About The Garden Club of America

The Little Garden Club of Memphis is an active member of The Garden Club of America (GCA), a national leader in the fields of horticulture, conservation, and civic improvement. The purpose of The Garden Club of America is to stimulate the knowledge and love of gardening, to share the advantages of association by means of educational meetings, conferences, correspondence, and publications, and to restore, improve, and protect the quality of the environment through educational programs and action in the fields of conservation and civic improvement.

Founded in 1913, The Garden Club of America is a volunteer, nonprofit 501(c)3 organization comprised of 200 member clubs and approximately 18,000 club members throughout the country.

 

GCA’s Garden History & Design Partnership with Smithsonian Archives of American Gardens

For over 30 years, the GCA has partnered with the Smithsonian Archives of American Gardens to preserve the visual record and collective narrative of gardens.  The Archives of American Gardens (AAG) was established to provide scholars, researchers, and interested persons with visual documentation of cultural, historic, and vernacular gardens. 

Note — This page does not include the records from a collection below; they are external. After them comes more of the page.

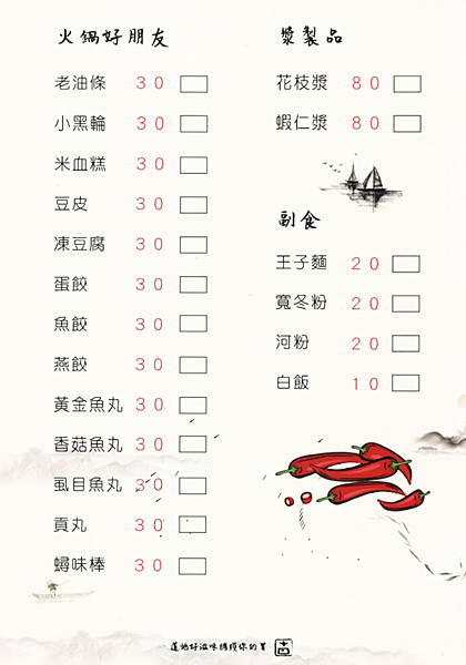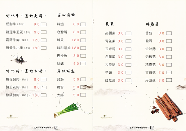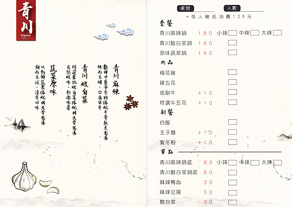 菜單滿簡單,這裡只要選湯底,肉品跟副餐就好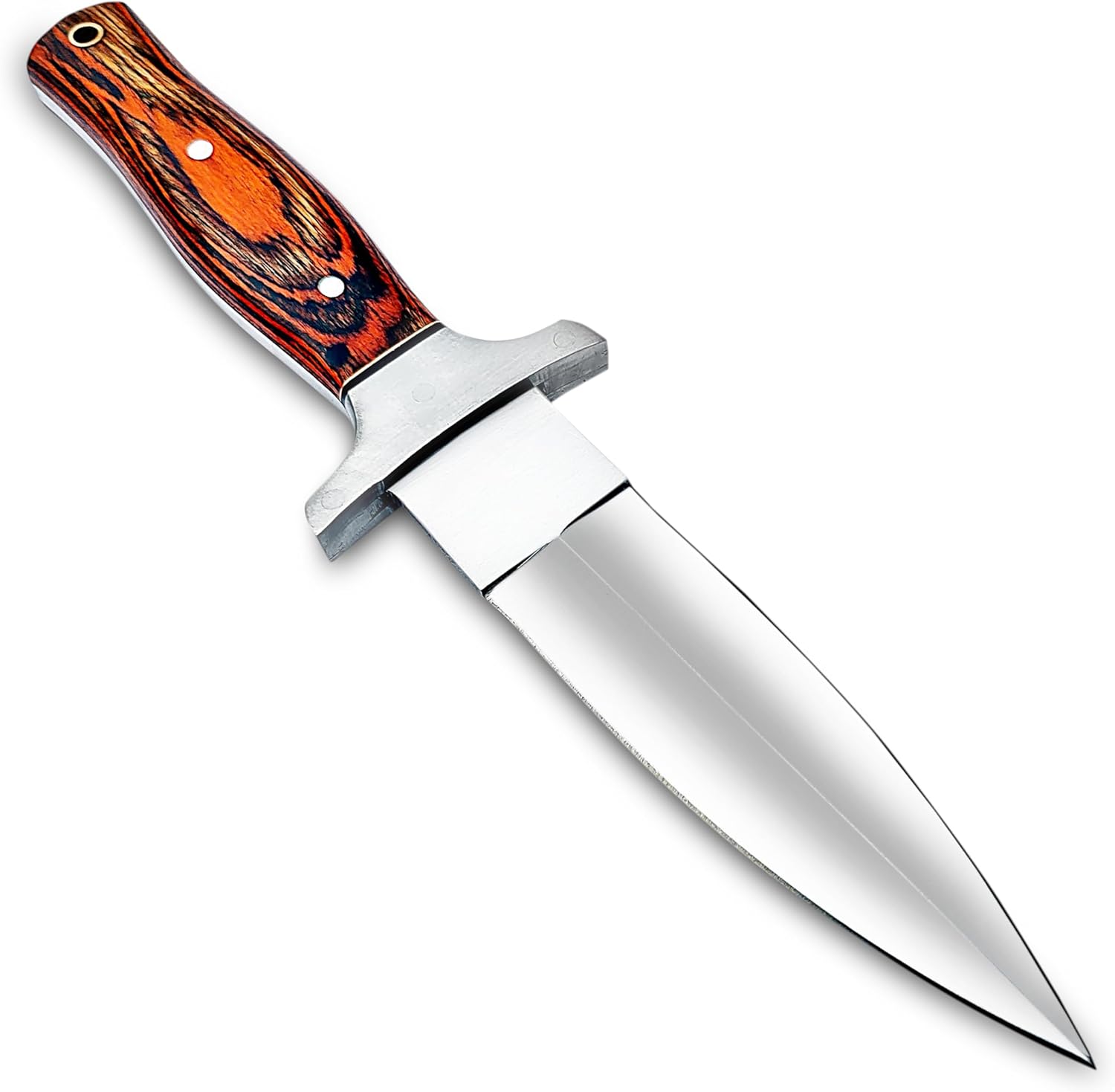 The Handmade D2 Steel Dagger Knife is a versatile, full tang fixed blade designed for hunting, tactical, and outdoor use. With a 10-inch overall length, double-edged D2 steel blade, and ergonomic 5-inch pakkawood handle, this dagger combines precision, durability, and style—perfect for collectors, campers, and survivalists.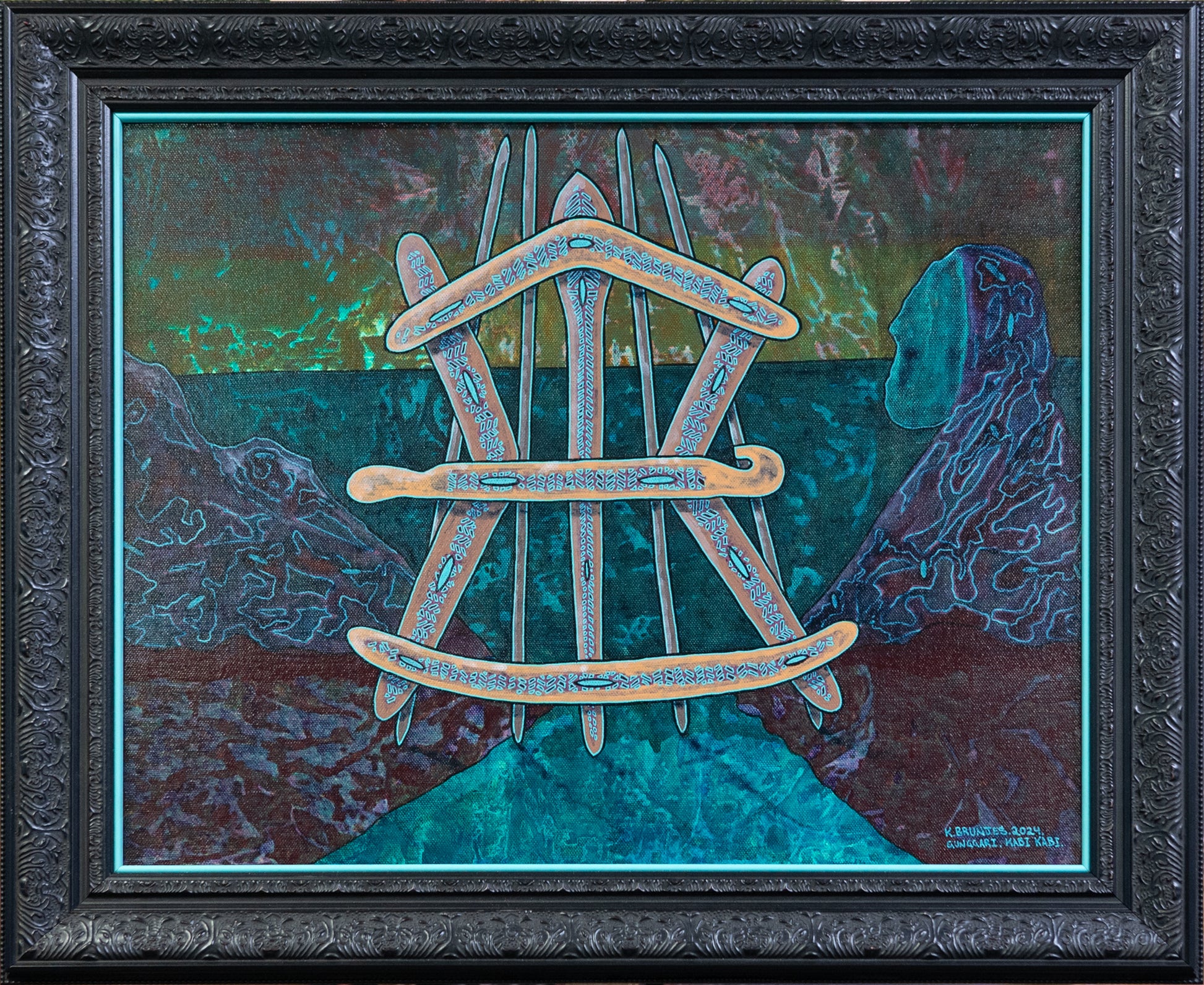 Painted is a Shadow Box, a make up of boomerangs, spears and a Nulla Nulla. This references pieces of art that are created in memory of loved ones passed on. My first thought when seeing a Shadow Box is of Cherbourg and Murgon, Wakka Wakka Country, and the artists that have created these in the past and still do today. I draw great strength and appreciation from growing up in Murgon, and a lot of what I do is connected back to being surrounded and learning from stories shared while on or from Country there. This work acknowledges all that has been gifted to us by the Ancestors with memory to the lives they lived and the impact they’ve had on the communities they were in. This brings thought to my life and the consideration to the paths I walk or will walk.

Following are gardens documented by the Little Garden Club Garden History & Design Committee. 

Dunklin Longmeadow Garden, 2009 (AR080)

Wellford Garden, 2010 (TN075)

Buxton Garden, 2012 (TN008)

Buzzy’s Surprise Garden, 2012 (TN081)

The White Garden, 2016 (TN120)

Williamson’s Point No Point, 2022 (TN129)

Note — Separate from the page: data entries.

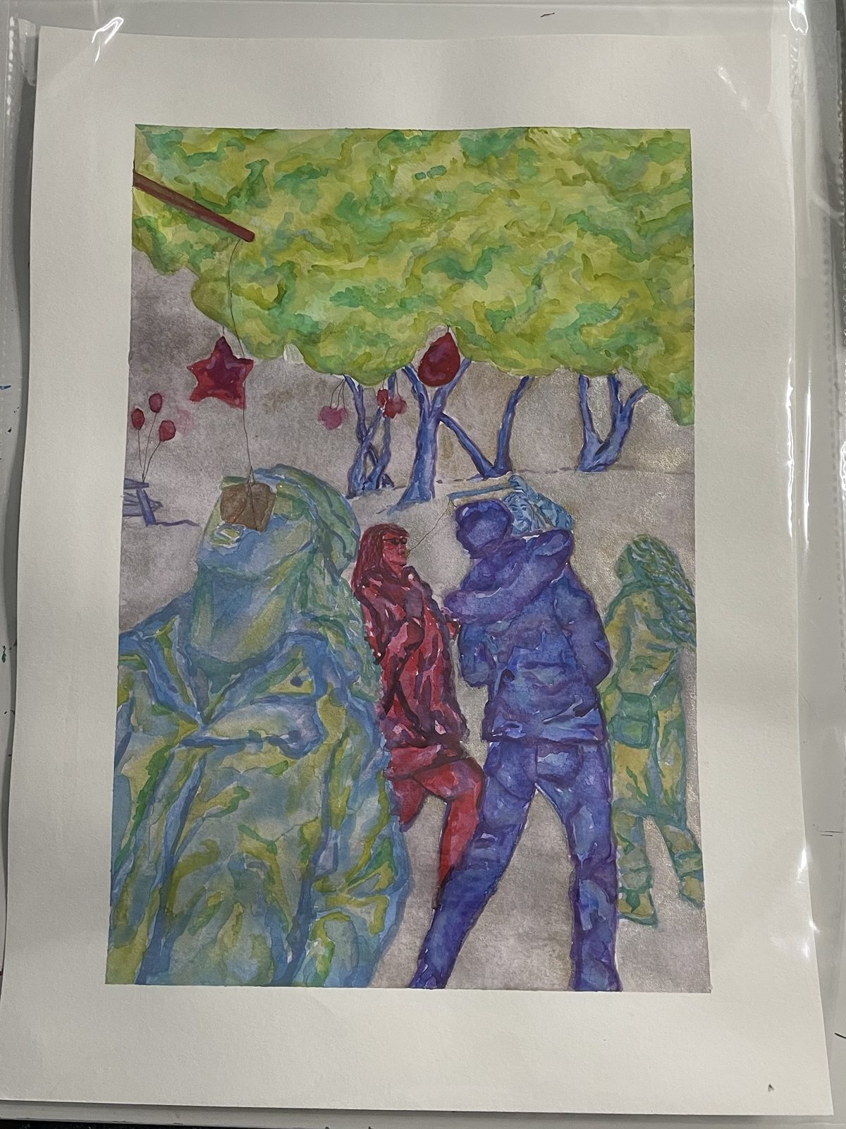 Whimsical watercolor illustration depicting figures standing under vibrant trees with decorative elements.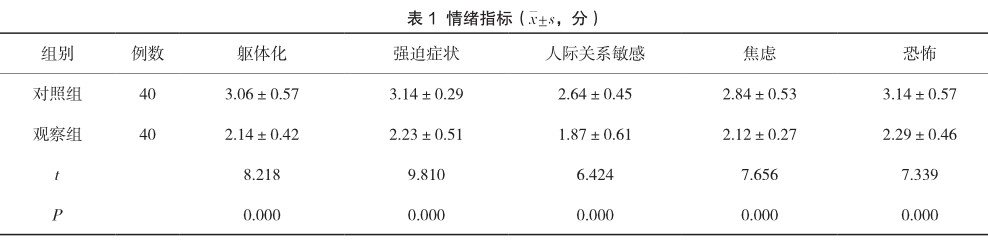【摘要】目的:探讨在整形美容治疗中辅以语言沟通,对护理效果的影响。方法:纳入对象为2022年1月—2023年3月在医院接受整形美容的80例患者,以随机信封法均分成对照组与观察组,对照组采用常规护理,观察组加用语言沟通,比对两组情绪、满意度与依从性。结果:观察组情绪评分低于对照组(P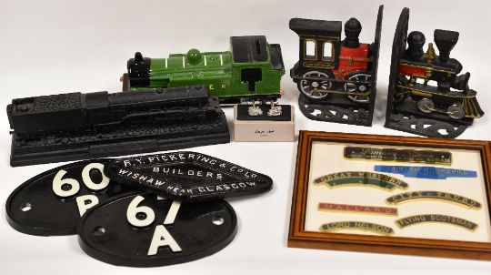 A TRAY OF RAILWAY MISCELLANY, including signage, book-ends, paper weight, money box etc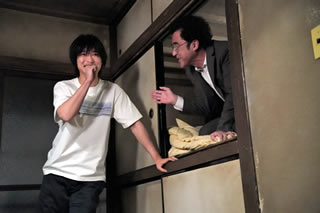 アパート住まいの主人公九郎(山﨑賢人)が押入れの壁に空いた穴から隣人の部屋に忍び込み、ビールを盗み飲みしたのがバレて、隣人の大野(ムロツヨシ)と押し問答となるシーンで、早速、福田演出が炸裂。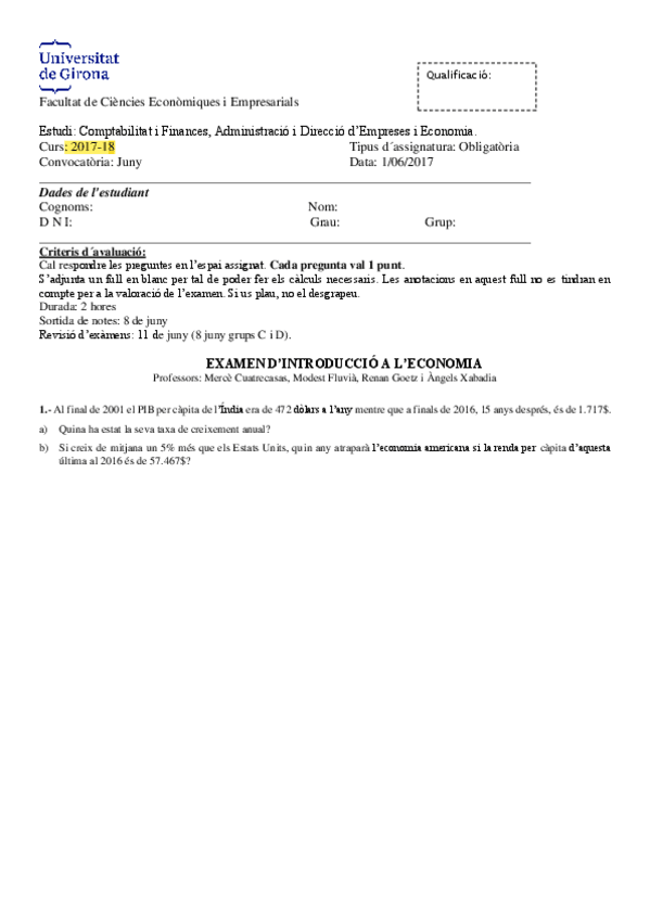 He publicado nuevos examenes de 1º Introducción a la Economía: Exàmens anys anterios
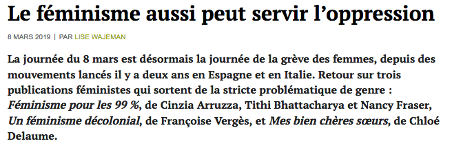 On peut avoir des désaccords avec certaines convictions défendues par les auteures de ces deux essais : si lier capitalisme et oppression des femmes paraît fondamental, coupler strictement questions de genre et questions de classe conduit à négliger le fait que cette oppression n'est pas seulement le fait du capitalisme – ce que les auteures duFéminisme pour les 99 % rappellent du reste, mais dont elles ne traitent guère, par crainte sans doute de retomber dans des arguments culturalistes hautement problématiques. On peut aussi être agacé par la lecture trop schématique que Françoise Vergès donne d'un certain féminisme, lorsqu'elle se penche sur l'histoire du MLF : dans le but délibéré de sortir d'un statut de marginalité politique, il se serait agi de remplacer (mais qui y a-t-il donc derrière ce « il » impersonnel ?) l'adversaire du féminisme désigné dans les années militantes, c'est-à-dire « le patriarcat blanc, l’État et le capital », par l’islam.

AAG's primary mission, in conjunction with The Garden Club of America’s Garden History & Design Committee, is to collect unique, high quality images and documentation relating to a wide variety of cultivated gardens throughout the United States that are not documented elsewhere. In this way, AAG strives to preserve and highlight a meaningful compendium of significant aspects of gardening in the United States for the benefit of researchers and the public today and in the future.  Every moment a garden exists it is subject to the forces of change, loss, and, in some cases, destruction. A familiar and beloved garden today may become a distant memory in just a matter of a few years (or, in the case of a natural disaster, a few hours). Even the most meticulously maintained garden evolves over time to the point where it deviates from its earlier incarnation. Unless gardens are photographed and their origins and life span documented, the thought, creativity, care and labor that goes into them may be lost forever.

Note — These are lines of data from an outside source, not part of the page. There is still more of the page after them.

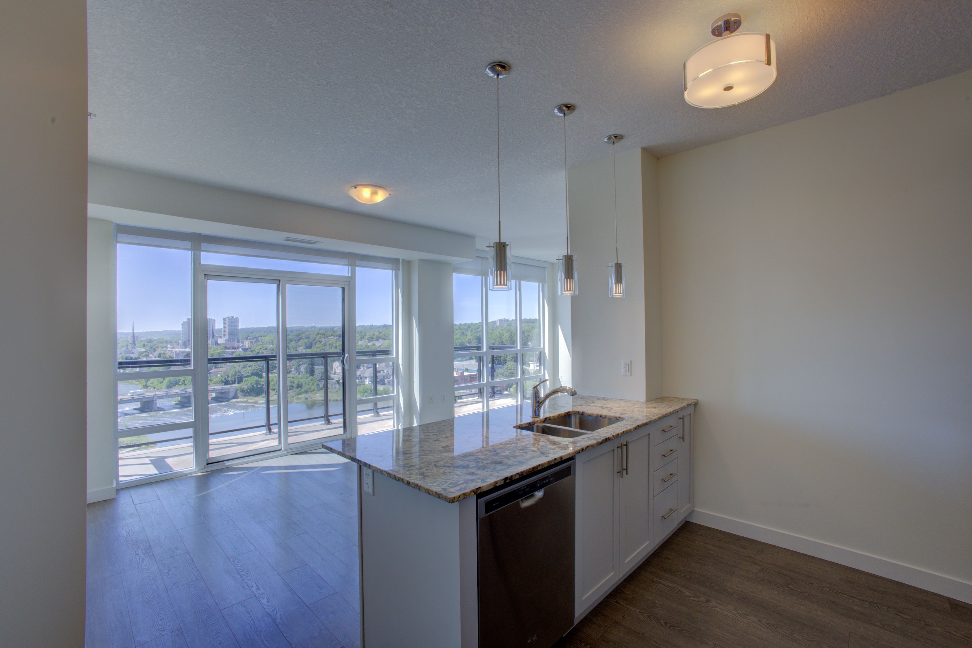 • Pristine corner unit with stunning, unobstructed views of the Grand River.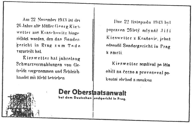 Po roce 1938 převzal mlýn syn Jiří Kiesswetter (*10.6.1917). 26. července 1942 přepadla mlýn náhlá kontrola (patrně na udání konkurence), do mlýna vrazili 2 revizoři,  jejich vedoucí gestapák Friedl (původem Čech z Domažlic) čekal v záloze s autem, obsazeným kriminální policií. Revizoři uhodili na Jiřího, že mele načerno a že mele více, než uvádí ve výkazech a Jiří, aby do toho nezatáhl další osoby, vše podepsal. Byl pak uvězněn v Justičním paláci v Plzni a po celý týden přivážen na mlýn, aby se pokračovalo v kontrole. Po roce byl převezen do Prahy na Pankrác. Do krašovického mlýna byla dána nucená správa - komisař Richard Spatzier, který zde působil až do 5.5.1945. Bydlel sice v Praze, ale každý den sem dojížděl, zabral pro sebe dva nejlepší pokoje a kancelář. Měl sice pod palcem 13 mlýnů na Plzeňsku, ale tento se mu nejvíce zalíbil. Jiřímu, zaměstnanému na Pankráci v kartonážní dílně, se snažil co nejvíce přitížit. Mlynář Jiří Kieswetter byl 22. listopadu 1943 ve věku 26 a půl roku popraven nacisty na Pankráci na základě rozsudku potvrzeného K.H.Frankem. Před smrtí nacházel oporu v četbě evangelia, v den své popravy napsal z cely smrti rodičům a bratrovi dopis, zakončený slovy: "Je to má cesta, nelitujte mne."
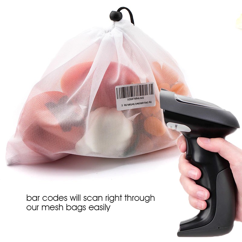 Las bolsas de productos reutilizables se empaquetan de una manera respetuosa con el medio ambiente, utilizando una bolsa de poliéster reutilizable con cordón en lugar de una bolsa de plástico. Los códigos de barras se escanearán directamente en las bolsas de productos reutilizables, y el verificador nunca tendrá que sacar las frutas o verduras para escanearlas.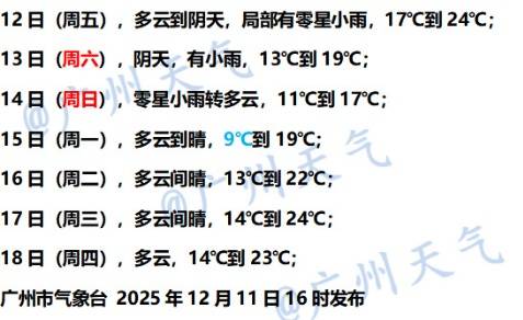 14日,粤北和珠三角北部市县阴天转多云到晴天,粤西市县阴天间多云有分散小雨,其余市县分散小雨转多云。最低气温:粤北和珠三角北部市县4~8℃,南部沿海市县13~15℃,其余市县9~12℃。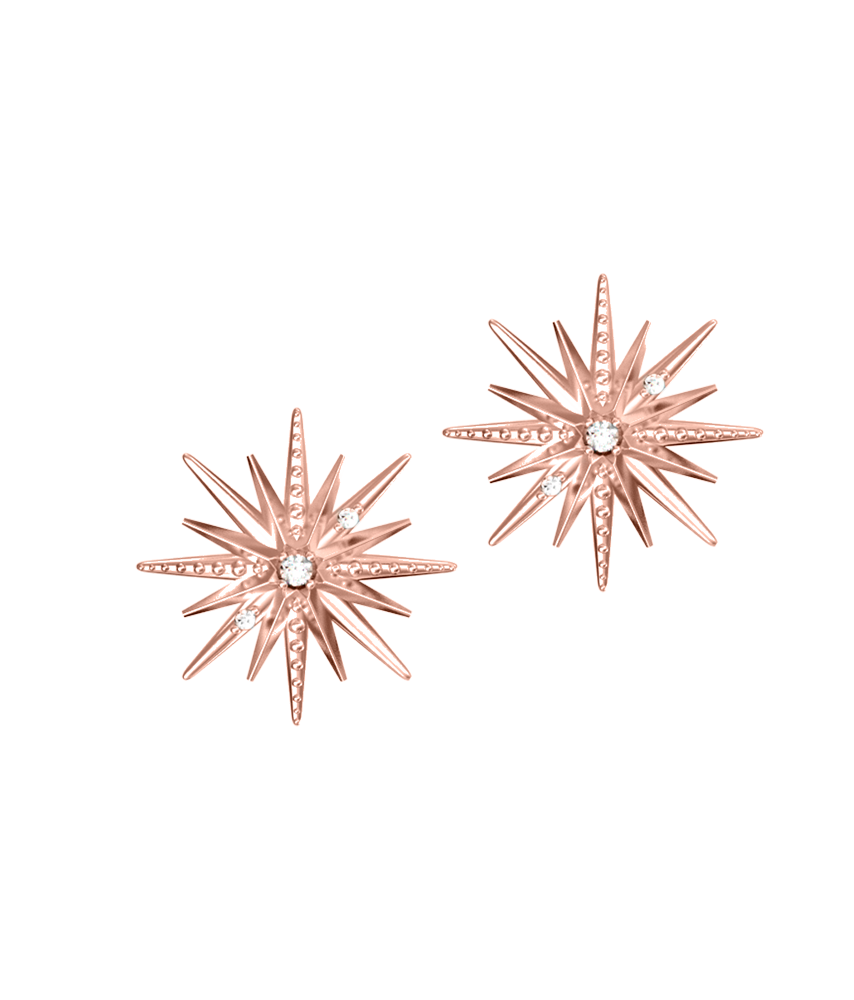 Серьги-пусеты «Большая звезда» выполнены из высококачественного серебра 925 пробы с золочением и вставками из выращенного бриллианта.

Gardens seldom follow a regimented design formula; they echo and highlight the region, culture, history and personal tastes that influence them. Despite their uniqueness, gardens are such a subtle and natural part of our surroundings they are often taken for granted and may not be “noticed” until they are in danger of disappearing or are gone completely. Documenting a garden helps to address the importance of recognizing its particular significance. It may take years for this recognition to occur, but when it does, it is crucial to have images to study in order to understand and appreciate the thought process and work involved in the garden’s creation. Indeed, the most frequently used portion of The Garden Club of America Collection at the Archives of American Gardens are the glass lantern slides that were created in the 1920s and 1930s. Only the foresight of The Garden Club of America to photograph what were then ‘contemporary gardens’ saved these gardens from total oblivion.